In reality I do 90% of my driving in stop and go traffic under 50 mph so I only get 16 mpg. All I need to improve that is 1 long highway trip of over 50 miles to bring my average to over 20 mpg per tank.


----------



## ModBoss2 (Nov 13, 2005)

I got 26 mpg for the first time last week...usually average 22-23 mpg. Mostly highway.


----------



## BostonF4$ (Jun 21, 2006)

I forgot to mention...everyone talks about "highway" mileage being better mpg better for the car etc. That really depends on where you live...in Boston unless you are on the highway between 8PM-4am you will be in traffic...real traffic. From 5:30 AM to basically 7PM "highway" miles are no different than "city". Now I assume by highway mpg people are referring to coasting along at 65 in the travel lane, I don't know about anyone else but I don't think it's worth it to plot and scheme ways to get 1-2 mpg better, just drive the thing and see what happens "you gotta pi$$ w/ the pr**k you got" If you want speed and good gas mileage get a sportbike. I still only got 30-35 mpg on my 600 so people trying to get 28 mpg in a 400HP 3,800 lb car are insane.


----------



## noz34me (Dec 15, 2005)

BostonF4$ said:


> I forgot to mention...everyone talks about "highway" mileage being better mpg better for the car etc. That really depends on where you live...in Boston unless you are on the highway between 8PM-4am you will be in traffic...real traffic. From 5:30 AM to basically 7PM "highway" miles are no different than "city". Now I assume by highway mpg people are referring to coasting along at 65 in the travel lane, I don't know about anyone else but I don't think it's worth it to plot and scheme ways to get 1-2 mpg better, just drive the thing and see what happens "you gotta pi$$ w/ the pr**k you got" If you want speed and good gas mileage get a sportbike. I still only got 30-35 mpg on my 600 so people trying to get 28 mpg in a 400HP 3,800 lb car are insane.

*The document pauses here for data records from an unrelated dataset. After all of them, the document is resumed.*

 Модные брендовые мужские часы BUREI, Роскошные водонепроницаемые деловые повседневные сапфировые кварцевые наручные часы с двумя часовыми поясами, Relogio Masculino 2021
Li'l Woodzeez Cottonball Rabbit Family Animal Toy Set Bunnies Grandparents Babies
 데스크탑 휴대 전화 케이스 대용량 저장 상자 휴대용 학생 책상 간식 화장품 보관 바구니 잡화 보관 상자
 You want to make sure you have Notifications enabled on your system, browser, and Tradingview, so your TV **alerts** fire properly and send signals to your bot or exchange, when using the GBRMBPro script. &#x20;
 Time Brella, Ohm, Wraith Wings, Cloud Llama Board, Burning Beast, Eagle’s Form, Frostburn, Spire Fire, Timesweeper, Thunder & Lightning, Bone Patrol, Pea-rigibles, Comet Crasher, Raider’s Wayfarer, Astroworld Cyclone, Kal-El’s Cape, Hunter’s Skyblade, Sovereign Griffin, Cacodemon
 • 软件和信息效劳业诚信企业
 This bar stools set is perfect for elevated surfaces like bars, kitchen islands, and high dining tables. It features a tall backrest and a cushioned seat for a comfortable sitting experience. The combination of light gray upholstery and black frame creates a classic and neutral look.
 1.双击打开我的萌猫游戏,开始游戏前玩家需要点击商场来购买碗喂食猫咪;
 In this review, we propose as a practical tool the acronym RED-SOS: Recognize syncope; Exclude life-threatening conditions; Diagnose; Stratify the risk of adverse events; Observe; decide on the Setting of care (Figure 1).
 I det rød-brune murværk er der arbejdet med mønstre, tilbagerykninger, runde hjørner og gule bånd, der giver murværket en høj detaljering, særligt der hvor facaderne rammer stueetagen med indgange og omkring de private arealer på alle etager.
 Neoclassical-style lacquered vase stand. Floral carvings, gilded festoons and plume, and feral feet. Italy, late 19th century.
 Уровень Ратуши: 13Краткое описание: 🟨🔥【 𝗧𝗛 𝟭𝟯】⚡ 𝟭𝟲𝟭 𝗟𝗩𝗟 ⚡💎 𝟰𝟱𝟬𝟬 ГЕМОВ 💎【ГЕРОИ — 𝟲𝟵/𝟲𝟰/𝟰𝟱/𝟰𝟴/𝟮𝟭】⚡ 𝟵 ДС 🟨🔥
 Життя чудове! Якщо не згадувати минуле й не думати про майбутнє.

It's not insane to try to maximze mileage. I'm not giving up my GTO, but the less $$$$$ I have to send to the towel heads overseas the better.


----------



## BostonF4$ (Jun 21, 2006)

hahaha....ok ok I agree with that. I'm just saying don't let gas mileage get in the way of you enjoying the car! I'm surprised you didn't comment on the sportbike gas mileage though...many people were surprised that I never really broke 40 mpg and generally got right around 30-32. I have to admit I rode my bike like it should be ridden...but the point is I don't see how you can consistently get similar mpg in a car that weighs more than 10 times a bike like that.


----------



## V8 GOAT (May 22, 2006)

I know that I have an 04 and most of you are driving 05s, but I only get about 16mpg in the city, but I get significantly better on the highway. I recently went from Dallas to Phoenix and back with the cruise on 80 the whole way (no racing/playing on this trip) and I got 28.4mpg for the round trip.  My car did have 40,000+ miles  on it though. I have heard that your gas mileage tends to increase a little bit after you get the car "broken in" (~10-15,000 miles). I tend not to worry about the mileage too much and just enjoy the ride. :cheers Oh yeah, completely stock.


----------



## noz34me (Dec 15, 2005)

BostonF4$ said:


> hahaha....ok ok I agree with that. I'm just saying don't let gas mileage get in the way of you enjoying the car! I'm surprised you didn't comment on the sportbike gas mileage though...many people were surprised that I never really broke 40 mpg and generally got right around 30-32. I have to admit I rode my bike like it should be ridden...but the point is I don't see how you can consistently get similar mpg in a car that weighs more than 10 times a bike like that.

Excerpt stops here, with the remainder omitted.